It would probably come as no surprise if the Reserve Bank of Australia (RBA) decides to slash interest rates during its rate decision tomorrow as all signs point to further easing from the central bank.
To begin with, recent economic figures show that the Australian economy is in dire need of a boost. The retail sales report, which printed a mere 0.2% uptick in February, revealed that consumer spending is still subdued as Australians are concerned about slow jobs growth.
Key components of the report also showed that households are putting a larger chunk of their income in savings instead of making more purchases.
Aside from that, the housing sector seems to be on shaky ground as building approvals turned out to be a huge disappointment (the February figure slipped to its lowest reading in nearly three years).

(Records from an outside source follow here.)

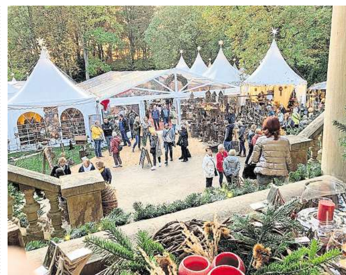
Die WinterTräume in Eldingen sind ein Fest für alle Sinne.

Viele weitere, spannende Neuigkeiten aus der lokalen Kulturszene finden Sie in der aktuellen Ausgabe unseres Partnermediums magaScene, monatlich frisch gedruckt und kostenlos an über 500 Auslegestellen in Hannover oder online auf www.magaScene.de inklusive Download-Möglichkeit.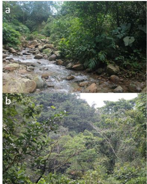
Figura 1. Coberturas presentes en el área muestreada en sectores del piedemonte llanero, municipio de Villavicencio-Meta, a) bosque de galería; b) bosque abierto alto.

El área muestreada se ubicó en la ecorregión de piedemonte llanero en dos sectores: El Carmen (04°08'N 73°39'W) y Buenavista (04°10'N 73°40'W), del municipio de Villavicencio, Meta, y cada uno cubrió un bloque de área de 300 ha. Estos sectores se encuentran en una altitud de entre 740 y 1 260 m, que corresponde a la formación de bosque húmedo tropical (Stile, 1980; Holdridge, 1996), y presentan formaciones vegetales ribereñas (figura 1) ( ej. , bosques riparios), que se caracterizan por la presencia de especies arbóreas como Pourouma guianensis , Rinorea macrocarpa y Cassia moschata y pastizales de Melinis minutiflora y de Paspalum carinatum (Rangel-Ch y Minorta-Cely, 2014). Cada bloque de área muestreado se caracterizó por ser presentar un mosaico de coberturas, que incluyen fragmentos de bosque, bosques riparios, en buen estado de conservación, pastizales, áreas urbanas y rurales, como las más importantes (Rangel-Ch, 2015).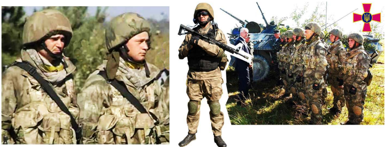
Мал. 6. Експериментальне обмундирування українських солдатів «Гірка» МК-2: «Осінньо-пустельна» версія, що була презентована на навчаннях «Перспектива-2012» [39].

До того ж перші дослідні сигнальні зразки «пiксельного» камуфляжу з погоном на грудях, на зразок бойової уніформи армії США, були випробувані восени 2012 р. на спеціальних КШН (командно-штабних навчаннях) під кодовою назвою «Перспектива-2012» на 240-му навчальному полігоні 8-го армійського корпусу [37] (Мал. 6). Найбільше позитивних відгуків у фахівців та військових підрозділів спеціального призначення отримав польовий костюм «Гірка» МК-2, який у засобах масової інформації був названий «революційним» та «ідеальним для польових умов» [38, 28].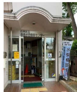
住区センターでの出張相談会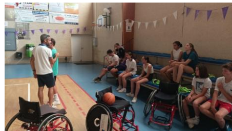
Sensibilisation au handicap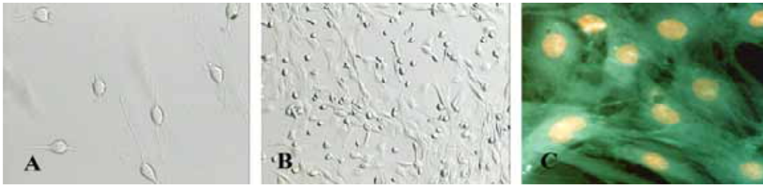
شکل ۱- مشاهده سلول‌های BMSCs القا شده توسط دپرنیل (تصویر A) و القا نشده (تصویر B) توسط میکروسکوپ اینورت (بزرگنمایی A - 400 X و B - 200X). C - رنگ‌آمیزی ایمنوفلورسانس که سیتوپلاسم سلول‌های استرومایی به آنتی‌بادی فیبرونکتین واکنش داده به رنگ سبز و هسته سلول‌ها با اتیدیوم بروماید به رنگ قرمز متمایل به زرد مشاهده می‌شوند (بزرگنمایی 1000X).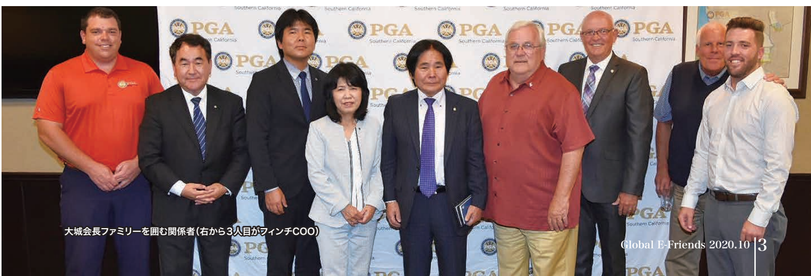
大城会長ファミリーを囲む関係者(右から3人目がフィンチCOO)

そしていま、エナジック所有のゴルフ場の責任者として存分に腕をふるっているのです。コロナ禍のあおりで中断していたエナジック・サンディエゴ・カウンティオープンも、10月13日から15日の期間、開催されることになりました。フィンチCOOの努力がいよいよ実を結ぶ時節となりました。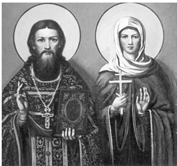
Святые священномученик Тихон и исповедница Хиония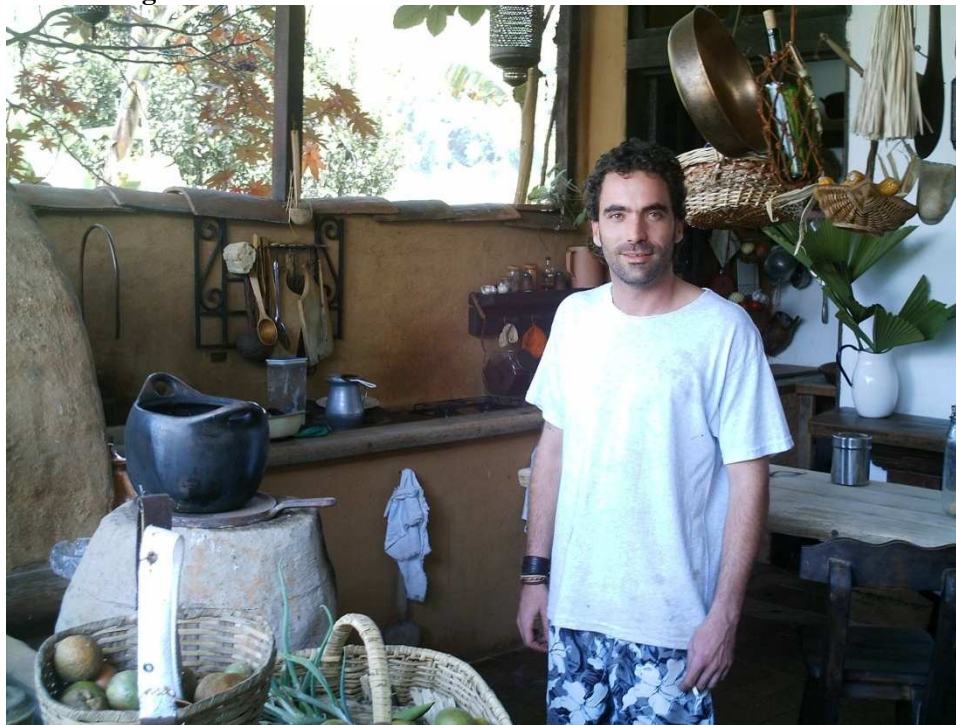
Figura 6. Neo-rural na sua casa na zona rural de Manizales

Para este neo-rural, morar no campo represente uma forma de “fugir da agitada vida na cidade, dos horários rígidos, da paisagem cinzenta”.

With the report chalking up close to an 8% decline over the past three months, analysts are worried that housing activity could slump below global financial crisis levels. Yikes!
Those are just some of the many reasons why the Australian economy could use further easing. For one thing, lower interest rates could keep the Aussie’s gains in check, which could help Australian companies stay competitive in terms of international trade. After all, non-mining industries such as manufacturing and tourism are currently battling with wage increases and energy price hikes, and are struggling to stay afloat.
A rate cut from the RBA could also spur business confidence, which could use some support as companies will face additional headwinds in the coming months. Bear in mind that the new law on carbon tax, higher penalty rates, and award wages are set to be implemented in July this year, which would mean additional costs for businesses.
But perhaps the biggest sign that the RBA will cut rates is the recent quarterly inflation report, which showed a measly 0.1% CPI reading for the first quarter of the year. Based on the minutes of their previous monetary policy meeting, RBA policymakers were keeping a close eye on inflation figures to see whether they have room to cut rates or not.
Obviously, the case for a rate cut is very strong. But how can knowing all of this help us in our trading? Well, let’s take a look at three potential scenarios for the upcoming rate statement and how they could play out on the charts:
- RBA cuts rates by 0.25%
This is widely considered the most likely scenario as most analysts and economists see the RBA slashing interest rates from 4.25% to 4.00%. The immediate market reaction to a 0.25% rate cut will likely be a sharp Australian dollar (AUD) sell-off, but the move might be limited as price action in recent weeks suggests the markets may have already priced in a 0.25% cut.
- RBA cuts rates by 0.50%
We can’t discount the possibility of a 0.50% cut, my friends! Though it has been a while since the RBA last slashed interest rates by more than 0.25% at a rate statement, it isn’t a stranger to aggressive easing. Recall that in late 2008, it began a series of cuts that took the central bank’s interest rates from 7.25% to 3.25% in just 6 months.
In this old man’s opinion, cutting interest rates from 4.25% to 3.75% will likely result in a big, extended drop, as the need for 0.50% rate cut would suggest a very weak economy.
- No rate cut, RBA keeps rates at 4.25%
This is probably the least likely and least expected scenario, as market players seem convinced that we’ll see a rate cut of some sort. If the RBA fails to deliver a rate cut, it would be a major disappointment to investors, some of whom have been waiting for a rate cut since February. Hence, we could see a surge in the AUD as it erases some of its recent losses.
Interest rates aside, AUD price action in the medium and long-term will also depend heavily on how the RBA addresses future policy. For instance, we could see strong bearishness for the AUD if the RBA drops hints that it will continue easing monetary policy over the coming months, so it’s important to read between the lines and listen closely for clues in the accompanying statement.
In any case, you won’t have to wait for long because the RBA rate decision is due in less than 24 hours! Catch this potentially explosive event tomorrow morning (Tuesday, May 1, 2012) at 4:30 am GMT.